Не прикасайся ко мне — страница 41 из 84

В половине девятого процессия вышла из-под сени полотняного навеса. Она была такая же, как и накануне, но с одним лишь новшеством: члены ордена терциариев — старики, старухи и несколько уже немолодых девиц, были облачены в широкие рясы; на бедных они были из простого гингона, а на богатых — из шелка, называемого францисканским гингоном, ибо в него одеваются досточтимые братья францисканцы. Все одеяния были доподлинно святыми, из манильского монастыря, где их можно приобрести по твердой цене, если здесь уместен коммерческий термин; эта твердая цена может быть повышена, но не понижена. В том же монастыре, как и в женском монастыре Санта-Клара, продаются также рясы, которые наделены удивительным свойством — облаченным в них покойникам отпускаются многие грехи. Но, кроме того, эти рясы обладают и другим, еще более удивительным свойством: их цена повышается пропорционально их ветхости и изношенности. Мы это пишем на тот случай, если какому-нибудь набожному читателю понадобятся такие реликвии или какому-нибудь ловкому старьевщику из Европы захочется нажить состояние, — то есть отправить на Филиппины партию залатанных, старых ряс, ибо стоят они там по шестнадцать песо и более, в зависимости от того, насколько они потрепаны.

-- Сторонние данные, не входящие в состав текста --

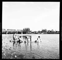 Puente del ferrocarril con lavanderas en el primer plano. Foto: Juan Rulfo |

Святой Диего де Алкала ехал в повозке, украшенной чеканным серебром. Святой был довольно тощ; однако торс из слоновой кости придавал ему вид суровый и величественный, несмотря на пышную шевелюру с мелкими, как у негритят, завитушками. На нем была шелковая мантия, шитая золотом.

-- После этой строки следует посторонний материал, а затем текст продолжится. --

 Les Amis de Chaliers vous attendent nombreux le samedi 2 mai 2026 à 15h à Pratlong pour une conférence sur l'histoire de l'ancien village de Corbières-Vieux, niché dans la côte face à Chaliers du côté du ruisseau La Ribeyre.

Святой Франциск, наш покровитель, следовал, как и вчера, за богоматерью; только священник, сидевший в паланкине, был на сей раз не изящный, учтивый отец Сибила, а отец Сальви. И хотя он не отличался красивой осанкой, все в нем говорило о глубоком благочестии: он сидел полусогнувшись, опустив глаза и молитвенно сложив руки, как бы в экстазе. Паланкин несли те же самые сборщики податей; каждый из них, потея и сияя от удовольствия, чувствовал себя одновременно и причетником, и сборщиком податей, и спасителем бедного заблудшего человечества, своего рода Христом, отдающим свою кровь во искупление чужих грехов. Облаченный в ризу викарий переходил от одной повозки к другой, помахивая кадилом, дым которого порой ударял в нос священнику, и тот становился тогда еще серьезней, еще суровей.

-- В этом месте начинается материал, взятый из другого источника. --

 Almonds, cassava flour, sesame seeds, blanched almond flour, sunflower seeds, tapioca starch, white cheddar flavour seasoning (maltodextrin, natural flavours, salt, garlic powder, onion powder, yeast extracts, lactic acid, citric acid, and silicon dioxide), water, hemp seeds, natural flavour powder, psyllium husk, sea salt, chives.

Так, медленно и чинно, продвигалась вперед процессия, гремели петарды, звучали гимны, а оркестры, следовавшие за каждой повозкой, играли духовные марши. Меж тем распорядитель празднества так щедро наделял всех свечами, что многие унесли домой изрядный запас для картежной игры по ночам. Любопытные зрители с трепетом опускались на колени перед повозкой с Мадонной, истово шепча «Символ веры» и «Помилуй нас, господи…». Перед домом, где в нарядно разукрашенных окнах виднелись фигуры алькальда, капитана Тьяго, Марии-Клары, Ибарры, испанцев и девиц, паланкин задержался. Отец Сальви поднял глаза, но не сделал ни малейшего движения в знак приветствия и не подал виду, что узнал друзей. Он лишь выпрямился и расправил плечи; теперь его облачение ниспадало еще более изящными складками.

Под окном на улице стояла молодая женщина с миловидным лицом, пышно разряженная и державшая на руках маленького ребенка, — вероятно, кормилица или нянька, потому что ребенок был беленький и светловолосый, а женщина — смуглая, с черными как смоль волосами.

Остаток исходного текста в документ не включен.